Others say they’ve seen outright anger from Schultz over unions.
Blauman-Schmitz said as soon as Schultz bought Starbucks in 1987, he reneged on a labor agreement that had been reached between the company and the United Food and Commercial Workers union, which represented six Seattle-area stores and a roasting plant. Schultz wanted a new contract with weaker benefits and job protections, said Blauman-Schmitz, who has since retired from the union.
One day, she said, Schultz spotted her passing out flyers in the roasting plant and rushed toward her, screaming and red in the face.
Anne Belov was working part-time in the roasting plant and sat on the union negotiating committee. She had always gotten glowing performance reviews, but after Schultz took over, she was suddenly being reprimanded constantly. Belov left the company in 1988.
“You could see the writing on the wall. As the company grew, it was not going to continue to be possible to act on the good faith of the people who controlled all the power,” she said.
Schultz soon swept the union out. In his 1997 book, “Pour Your Heart Into It,” he recalled how a barista who opposed the union began a campaign to decertify it. By 1992, the union no longer represented the stores or the roasting plant. Schultz saw that as a sign that workers trusted him.

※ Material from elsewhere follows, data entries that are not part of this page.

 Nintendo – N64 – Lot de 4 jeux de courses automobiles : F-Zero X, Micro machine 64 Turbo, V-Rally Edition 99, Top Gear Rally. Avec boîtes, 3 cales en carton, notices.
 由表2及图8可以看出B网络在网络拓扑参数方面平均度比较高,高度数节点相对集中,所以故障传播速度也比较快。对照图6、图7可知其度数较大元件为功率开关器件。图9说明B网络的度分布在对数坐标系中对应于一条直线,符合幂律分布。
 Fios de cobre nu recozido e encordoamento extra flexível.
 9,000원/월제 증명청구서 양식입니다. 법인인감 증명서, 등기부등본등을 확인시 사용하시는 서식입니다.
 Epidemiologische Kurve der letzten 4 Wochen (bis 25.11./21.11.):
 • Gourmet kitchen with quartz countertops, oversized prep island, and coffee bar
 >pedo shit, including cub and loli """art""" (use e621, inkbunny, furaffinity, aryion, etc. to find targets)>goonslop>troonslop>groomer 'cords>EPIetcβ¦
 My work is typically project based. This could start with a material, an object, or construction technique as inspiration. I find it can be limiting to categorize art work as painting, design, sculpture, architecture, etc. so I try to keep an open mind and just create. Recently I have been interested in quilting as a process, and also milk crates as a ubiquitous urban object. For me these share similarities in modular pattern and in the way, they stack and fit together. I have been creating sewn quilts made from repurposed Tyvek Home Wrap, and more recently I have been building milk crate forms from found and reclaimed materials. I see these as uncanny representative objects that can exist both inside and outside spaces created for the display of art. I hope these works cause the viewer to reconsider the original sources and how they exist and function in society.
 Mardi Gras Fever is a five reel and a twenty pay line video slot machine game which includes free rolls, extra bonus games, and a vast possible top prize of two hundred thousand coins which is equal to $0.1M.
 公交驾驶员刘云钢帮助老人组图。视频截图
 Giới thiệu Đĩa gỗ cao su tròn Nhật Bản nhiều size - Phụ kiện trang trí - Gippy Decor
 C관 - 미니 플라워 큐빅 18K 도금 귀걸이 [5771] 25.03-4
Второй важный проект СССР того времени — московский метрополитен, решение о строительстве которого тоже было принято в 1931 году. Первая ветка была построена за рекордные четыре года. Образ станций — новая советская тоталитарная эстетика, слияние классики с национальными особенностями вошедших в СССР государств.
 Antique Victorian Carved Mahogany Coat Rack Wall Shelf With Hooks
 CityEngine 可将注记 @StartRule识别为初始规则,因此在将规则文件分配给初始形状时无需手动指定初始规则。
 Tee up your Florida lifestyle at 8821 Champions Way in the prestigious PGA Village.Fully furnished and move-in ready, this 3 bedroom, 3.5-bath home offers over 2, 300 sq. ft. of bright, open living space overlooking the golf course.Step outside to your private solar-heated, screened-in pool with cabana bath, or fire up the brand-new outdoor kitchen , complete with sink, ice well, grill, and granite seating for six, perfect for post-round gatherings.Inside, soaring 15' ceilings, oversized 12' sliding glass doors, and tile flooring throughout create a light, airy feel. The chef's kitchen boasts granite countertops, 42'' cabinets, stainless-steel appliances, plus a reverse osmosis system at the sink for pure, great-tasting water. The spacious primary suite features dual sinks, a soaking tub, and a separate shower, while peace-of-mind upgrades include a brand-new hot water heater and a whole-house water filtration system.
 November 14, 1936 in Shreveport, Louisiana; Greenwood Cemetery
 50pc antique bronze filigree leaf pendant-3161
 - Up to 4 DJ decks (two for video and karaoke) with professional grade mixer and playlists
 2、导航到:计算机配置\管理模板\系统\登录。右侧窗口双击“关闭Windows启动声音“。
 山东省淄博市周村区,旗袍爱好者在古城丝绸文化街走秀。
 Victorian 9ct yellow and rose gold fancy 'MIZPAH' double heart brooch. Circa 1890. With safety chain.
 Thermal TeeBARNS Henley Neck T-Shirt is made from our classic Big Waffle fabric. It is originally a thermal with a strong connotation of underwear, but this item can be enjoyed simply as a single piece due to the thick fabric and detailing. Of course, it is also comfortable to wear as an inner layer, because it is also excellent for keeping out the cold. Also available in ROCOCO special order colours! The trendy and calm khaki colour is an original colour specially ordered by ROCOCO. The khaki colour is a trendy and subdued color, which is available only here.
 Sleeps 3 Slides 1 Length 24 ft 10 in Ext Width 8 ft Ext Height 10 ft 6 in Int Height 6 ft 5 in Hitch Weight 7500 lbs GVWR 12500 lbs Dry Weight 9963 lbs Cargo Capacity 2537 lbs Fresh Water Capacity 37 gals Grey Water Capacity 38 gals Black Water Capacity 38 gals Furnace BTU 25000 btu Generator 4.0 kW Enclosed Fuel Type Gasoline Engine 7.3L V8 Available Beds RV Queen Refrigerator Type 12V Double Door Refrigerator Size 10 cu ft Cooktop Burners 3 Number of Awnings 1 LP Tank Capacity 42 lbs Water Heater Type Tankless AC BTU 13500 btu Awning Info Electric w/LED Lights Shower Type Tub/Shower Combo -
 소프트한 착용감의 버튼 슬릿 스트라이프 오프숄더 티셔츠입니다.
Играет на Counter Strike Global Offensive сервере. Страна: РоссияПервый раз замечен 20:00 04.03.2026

“If they had faith in me and my motives, they wouldn’t need a union,” he wrote.
Still, efforts to unionize Starbucks didn’t go away, and the company continued to fight them. Starbucks had to reinstate fired workers or pay to settle labor law violations numerous times in the early 2000s.
Last year, the NLRB found that Starbucks unlawfully retaliated against two Philadelphia baristas who were attempting to unionize. The NLRB said Starbucks monitored the employees’ social media, unlawfully spied on their conversations and ultimately fired them. It ordered Starbucks to stop interfering with workers’ right to organize and offer reinstatement to the two workers.
More recently, on March 15, the NLRB issued a complaint against Starbucks alleging that district and store managers in Phoenix spied on and threatened workers who supported unionizing. The complaint says Starbucks suspended one union supporter and fired another.
Starbucks did not make anyone available to comment.
In a letter to employees in December, Starbucks North America President Rossann Williams said the company will respect the legal process and bargain in good faith. But the company insists its stores function better when it works directly with employees.
The outcome of the current unionizing effort is unclear. The number of stores that have petitioned for union elections is still only a fraction of Starbucks’ 9,000 company-owned stores in the U.S. And Starbucks has the resources to keep fighting, with annual revenue of $29 billion last year.
But Brisack said this unionizing effort is also stronger than past ones, which were thwarted by high worker turnover and resource-starved unions. Organizers now have the backing of Workers United — an arm of the 2 million-member Service Employees International Union — and a union-friendly president in the White House. Brisack said the pandemic also fueled workers’ outrage.
The climate is also changing. Dan Cornfield, a labor expert and professor of sociology at Vanderbilt, said U.S. polling shows growing public support for unions since the Great Recession. That’s a big difference from the 1980s, when Starbucks first fought back unions.
“By taking an anti-union stand from the Reagan era, they are actually potentially jeopardizing their customer base,” Cornfield said.